Capacités de raffinage : Un déficit de plus de 3 millions de tonnes

Capacités de raffinage : Un déficit de plus de 3 millions de tonnes

El Watan, 1 mars 2018

L’achèvement de l’opération de réhabilitation de la raffinerie d’Alger (Sidi R’zine à Baraki) devrait permettre, selon le PDG de Sonatrach, Abdelmoumen Ould Kaddour, de répondre aux besoins internes en carburants et d’ouvrir la voie à l’arrêt des importations.

Celles-ci coûtent 2 milliards de dollars par an à l’Etat, selon Ould Kaddour qui souligne que cette situation ne peut pas continuer.
Il est à savoir que les volumes importés permettent de combler un déficit d’environ 3 millions de tonnes de carburants par an, alors que les capacités de raffinage actuelles de Sonatrach avoisinent les 12 millions de tonnes, face une consommation dépassant les 14 millions de tonnes par an.

Le PDG de Sonatrach, qui s’exprimait lors d’un point de presse improvisé à Oran, en marge des festivités du 24 Février, a souligné en outre que l’opération de raffinage faite en Italie suite à un appel d’offres lancé par Sonatrach il y a quelques semaines, est «ponctuelle» et vise dans la conjoncture actuelle à «économiser des devises» au pays qui fait face à une demande grandissante en produits pétroliers. Selon le patron de Sonatrach, cette opération n’est pas appelée à être renouvelée, sauf cas de force majeure, soit en cas de retard des projets en cours de réalisation en Algérie.

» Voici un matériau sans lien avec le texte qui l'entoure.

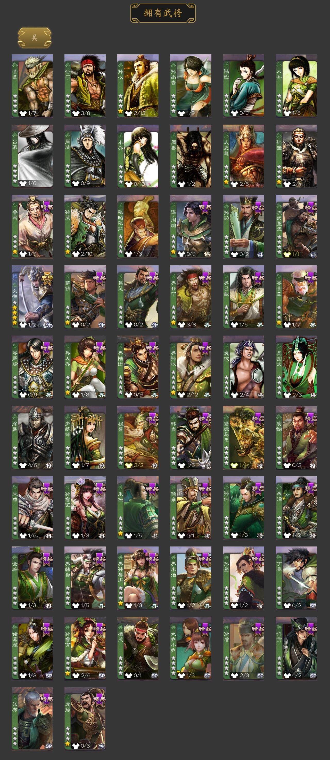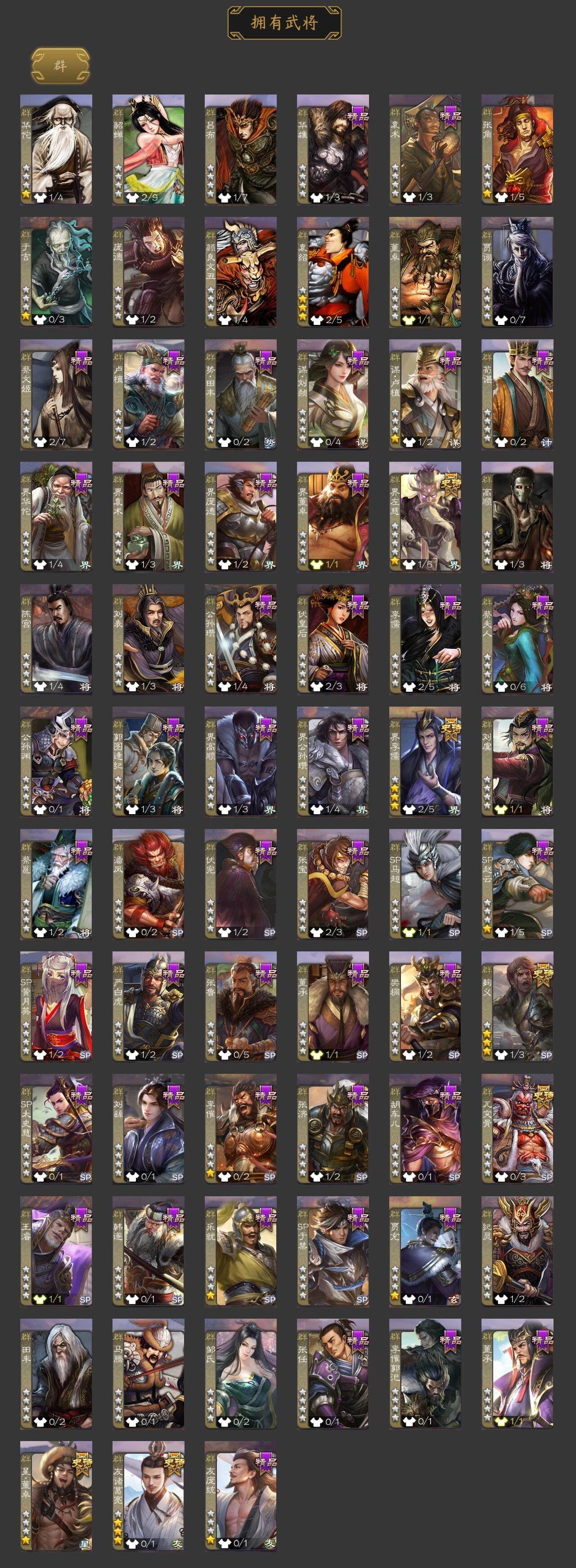 神吕布,曹髦,星周不疑,陈琳,曹纯,戏志才,清河公主,势辛宪英,程昱,文鸯,麹义,界左慈,界李儒,友诸葛亮,星董卓,兀突骨,势夏侯尚,SP关羽,SP蔡文姬,乐进,曹昂,诸葛诞,朱灵,文聘,SP姜维,张春华,钟会,曹冲,郭淮,满宠,界王异,界曹操,界司马懿,界夏侯惇,界张辽,界许褚,界

Il est à rappeler que la raffinerie d’Alger devrait permettre, une fois l’opération de rénovation terminée, d’augmenter la production de gasoil à 1,18 million de tonnes/an, celle de l’essence à 1,3 million t/an et celle du GPL à 270 000 t/an. Selon les projections de Sonatrach, le programme de renforcement des capacités de raffinage à travers la réalisation des raffineries de Hassi Messaoud et de Tiaret permettra, par ailleurs, de compter, à l’horizon 2021, sur une capacité de production additionnelle de 10 millions de tonnes supplémentaires par an.

En attendant les réalisations projetées, le gouvernement tente de faire reculer la consommation interne devenue vorace ces dernières années. Une courbe de plus en plus ascendante alors que le programme de raffinage peine à être réalisé.

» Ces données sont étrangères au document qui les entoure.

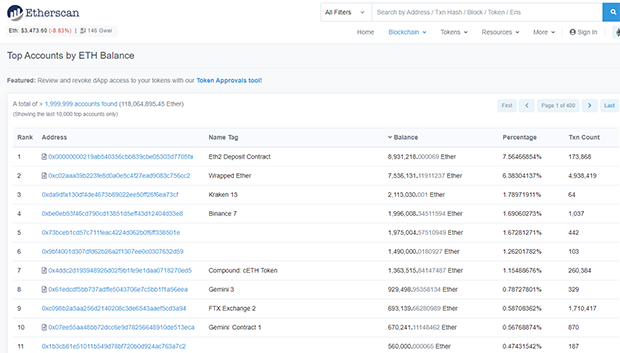 您可以使用區塊鏈瀏覽器找到交易相對較少但持有大量加密資產的單個錢包地址,然后您可以看到他們在主網上的確切代幣數量以及他們最近移動的代幣。此外,如果您使用以太坊區塊鏈的區塊鏈瀏覽器 Etherscan,您可以使用 Etherscan 上的監視列表設置警報,以跟蹤進出某個地址的交易。

Lors de la présentation de la loi de finances 2018, le ministre des Finances, Abderrahmane Raouia, a justifié les hausses des taxes sur les produits pétroliers par «la consommation excessive des carburants dans notre pays, évaluée à 14 millions de tonnes, dont 9,7 millions de tonnes de gasoil et 4,3 millions de tonnes d’essence».

Il ajouta que la situation est d’autant plus intenable que «la part des produits pétroliers importés est estimée à 23% du total des carburants consommés, soit l’équivalent de 3,2% millions de tonnes, induisant une facture de 900 milliards de dinars supportée par le Trésor public».